In keeping with my current exploration of what I can get out of my Sony DSC-V3 I’ve been using it a lot more lately.  In combination with Lightroom 3’s new noise processing and shooting in RAW I am able to get good clean images that I am pleased with.  I can even get some depth of field separation when I use the camera in certain ways.  With the lens zoomed most of the way out and by forcing the smallest available aperture I can get a shallow enough depth of field and quite good bokeh.  Of course once I had my nice clean images I processed them in a way that defeated the whole purpose.

3 Responses to “Sony DSC-V3 colour processed”

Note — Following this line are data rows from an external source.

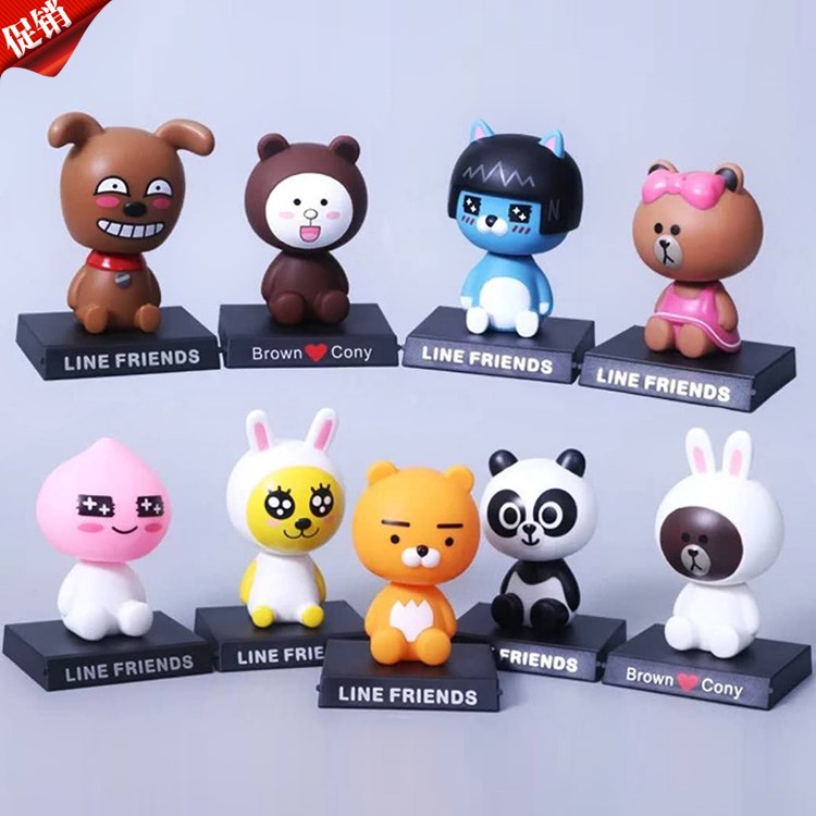 / 車載手機支架汽車內儀表臺多功能可愛手機座卡通搖頭公仔飾品擺件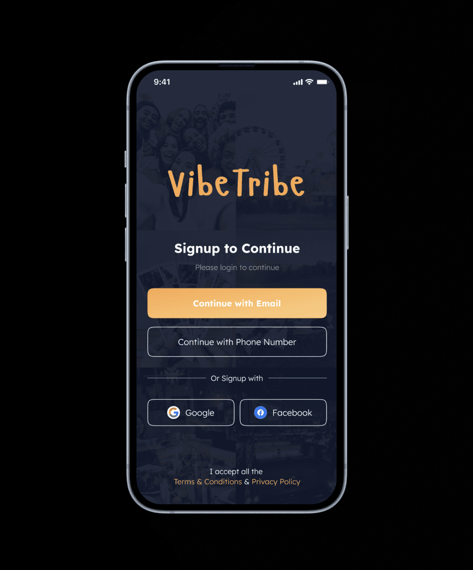 VibeTribe connects people through shared activities, swipe-based matching, and small group meetups made easier with exclusive group discounts.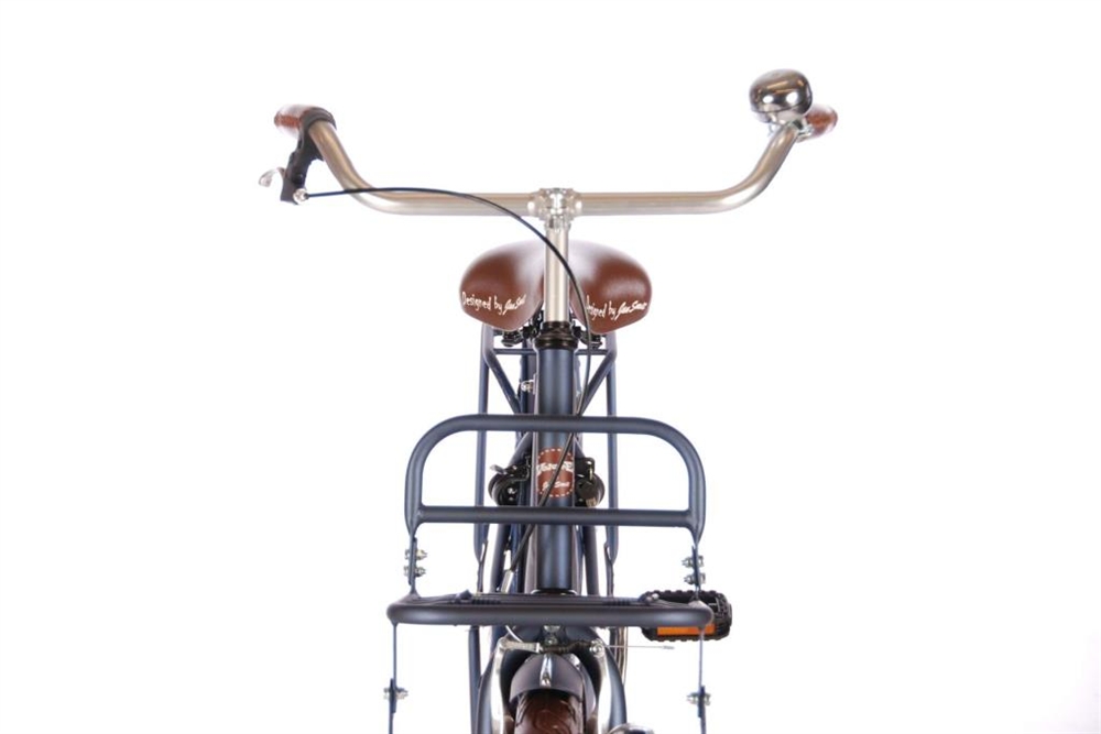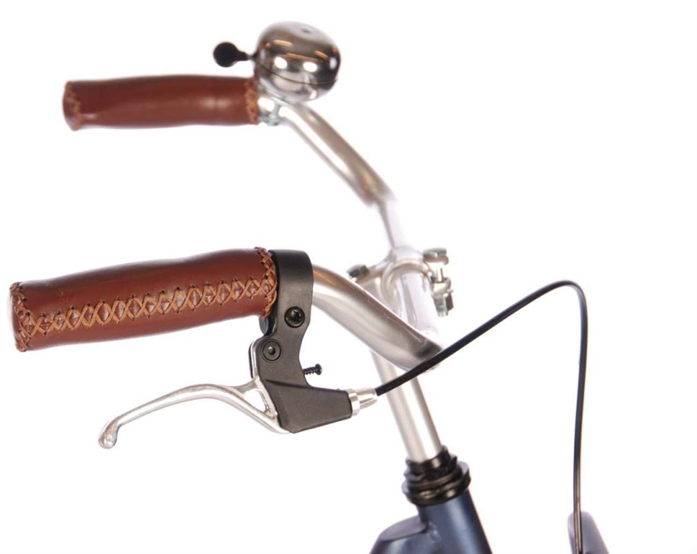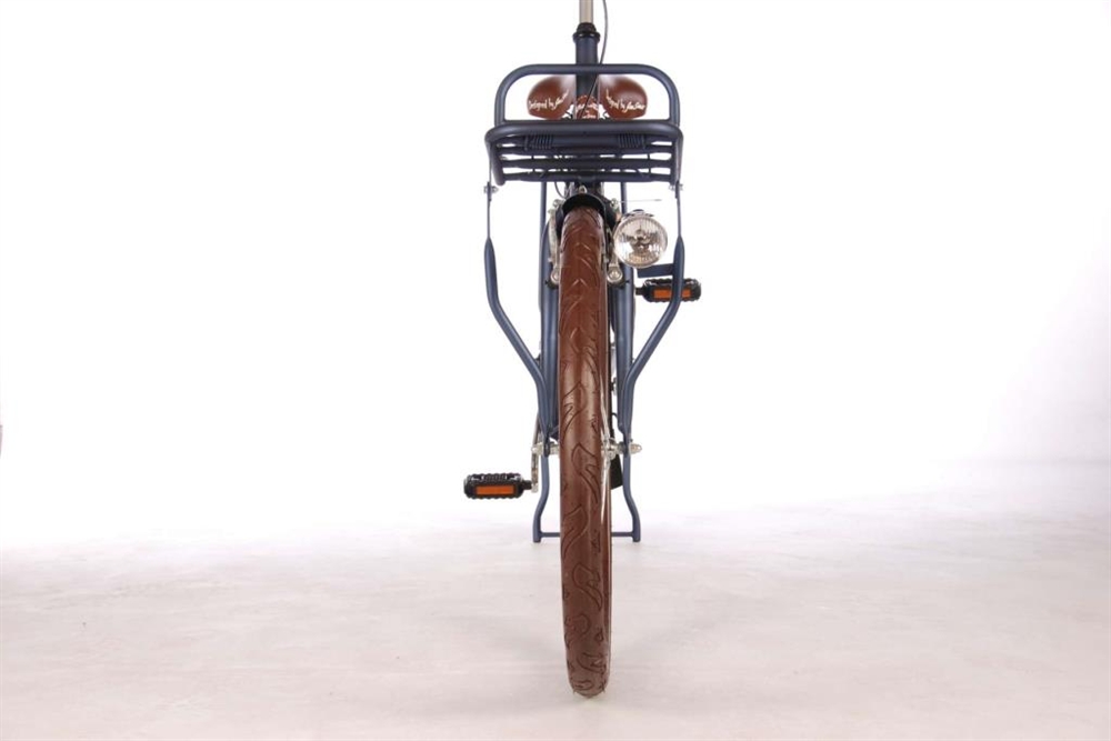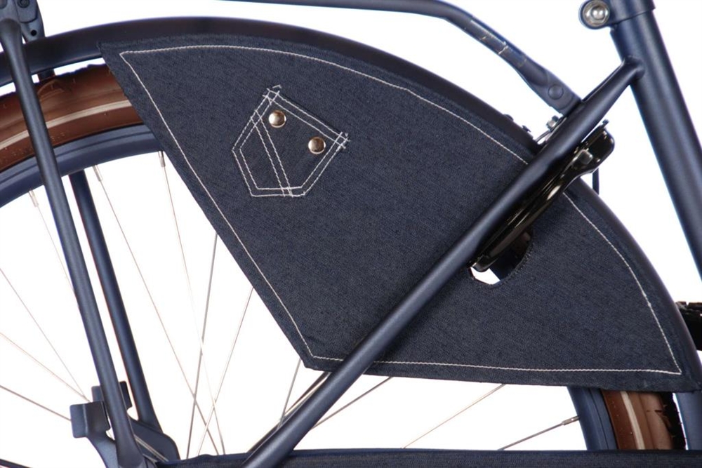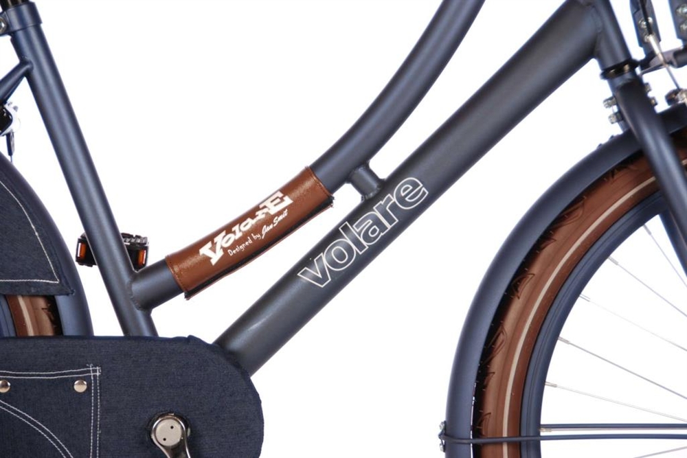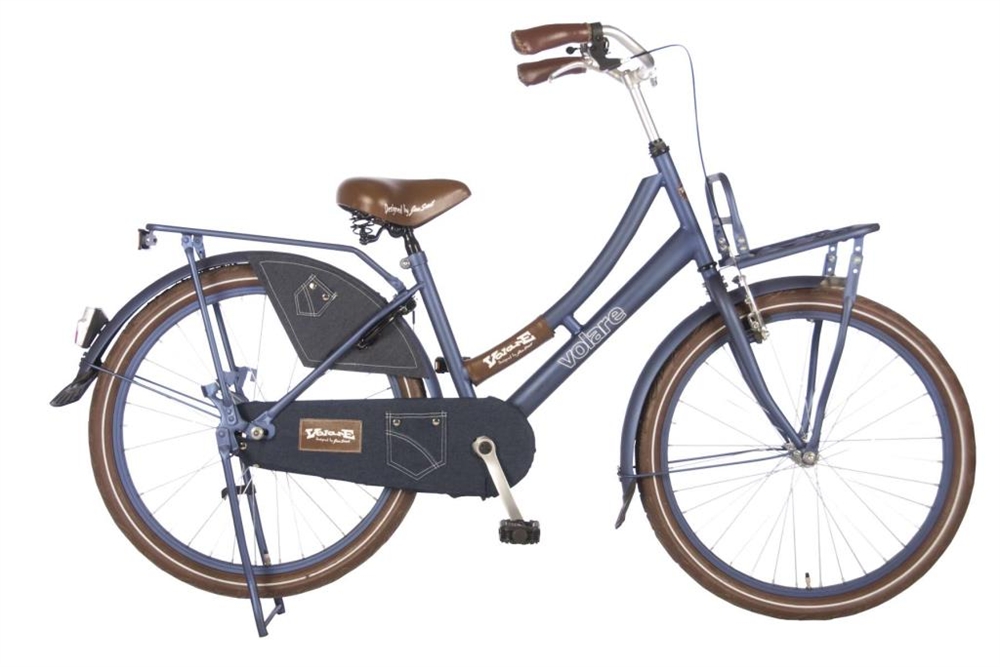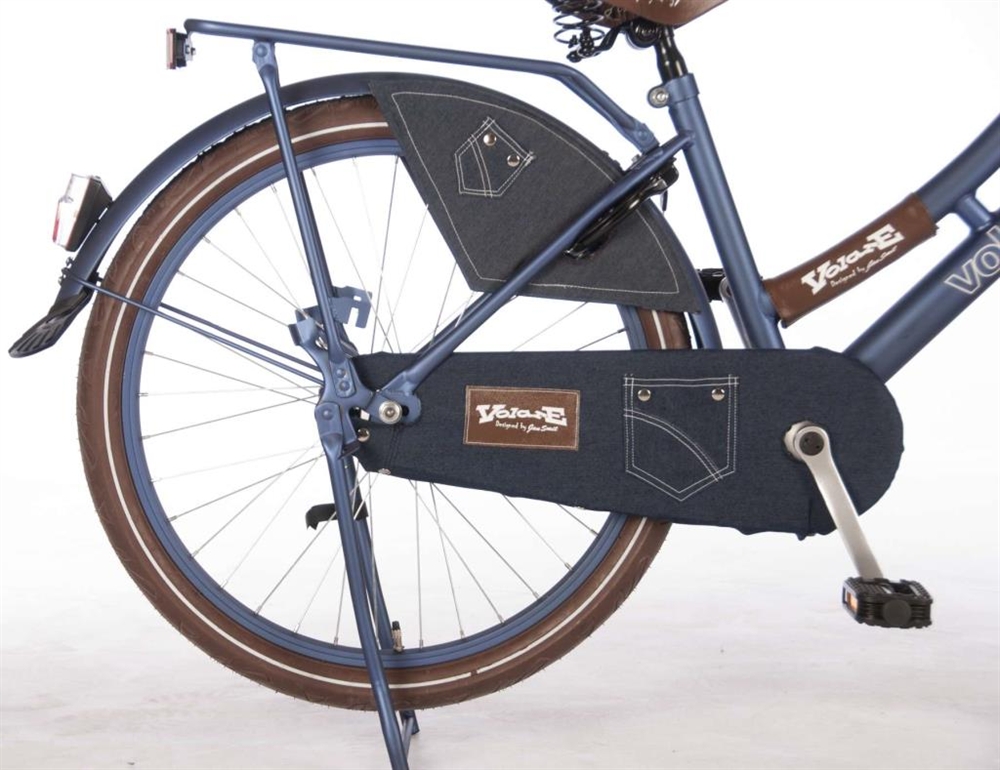 Exclusief bij Volare, de Designed By Jan Smit kinderfietsenlijn. Een moderne stoere omafiets met echte Jeans spijkerstof. Zelfs de regenbeschermers zijn gemaakt van Jeans, met een echte achterzak erop. Extra opgeblazen frame. Kunstlederen bruine handgrepen, bruin verend zadel en extra brede bruine banden. Batterij voor en achterverlichting, slot. Met originele klapstandaard en voordrager. In een speciaal prachtige matte blauwe kleur. Op deze omafiets wil elke jonge dame wel naar school fietsen.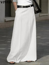Plus Size 5XL Women Elegant Maxi Skirts Solid Color Skirt VONDA Fashion Pleated Casual Loose Pockets High Waist Bottoms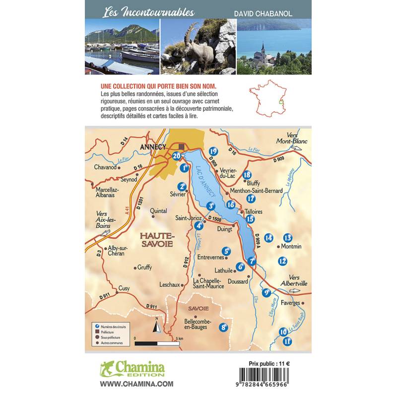 20 balades réparties sur le département de la Haute-Savoie, avec une incursion en Savoie et un circuit pour découvrir la ville d'Annecy, dont les jolis canaux lui valent le surnom de Venise des Alpes .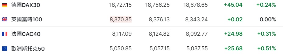 2. 截至发稿,德国DAX指数涨0.24%,英国富时100指数涨0.00%,法国CAC40指数涨0.31%,欧洲斯托克50指数涨0.51%。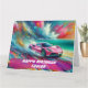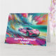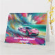Tarjeta Autodeportivo Rosa Vibrante en una Playa Tropical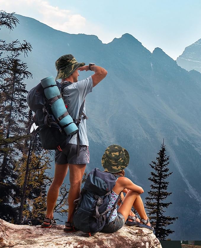 Men's Bucket Hat Camo Outdoor Sun Protection, Breathable Quick-Dry Fishing Gardening Hiking Hat ,UPF50+ Cotton Wide Brim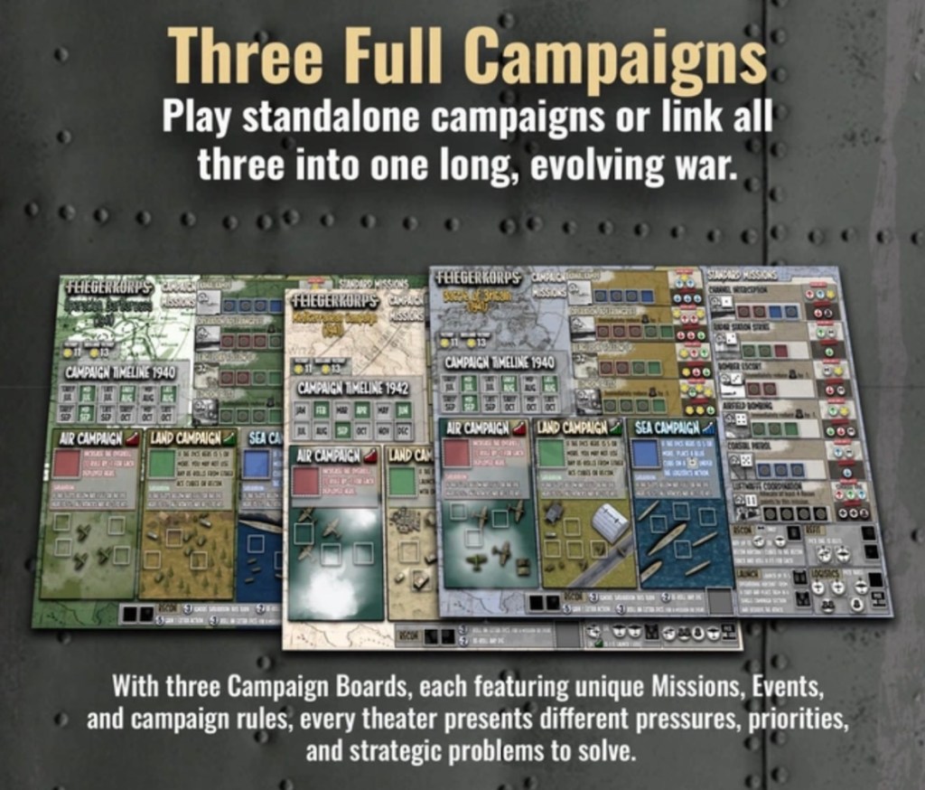 Martin; I wanted this game to lean heavily into the simulation aspects of controlling an air corps in WWII and leave out much of the unit tactics involved in battles. Several key elements needed to be represented in the design were aircraft rotation between the Operational and Refit rows, logistical limitations, and escalating enemy pressure tracked through the Air, Land, and Sea Campaign Dice. I also wanted the game to reflect the reality that these campaigns were multi-domain efforts. Air operations rarely existed in isolation, they influenced and were influenced by events on land and at sea. It was important for me that the player could meaningfully affect the larger campaign across all three theaters: Air, Land, and Sea.

  • Nikhil Ramkarran Says:

    I know exactly what you mean. I took a photo recently, deliberately using ISO100 (I usually keep it at 400) it ended up beautifully smooth and grain free. As soon as I got it in lightroom I used my medium grain b&w preset to mess it up a bit 🙂
    I find recently that I prefer the slight imperfections of a little grain, or a break in symmetry or a subtle tilt to a straight line. Gives the photo a relaxed feel that somehow makes it better.
    Sensational photos, as usual. I have to go with the solitary tree as my favourite this time.

  • dave Says:

    this is not a question necessarily related to your post, but do you know what the cross-processing setting in the k-5 is for? does the k-7 have that as well? what does cross processing do?
    anyway, i like the bark on the tree photo, what did you do to get that effect?

  • Wallace Says:

    Cross processing refers to developing film in chemicals intended for a different film type. The results are large changes in colour and colour casts. It’s an effect that I prefer to do post capture either in the camera or in Lightroom if I am going to do it at all. I was going to write a quick reply to your other question but it is better answered visually so I will do a quick post about that one.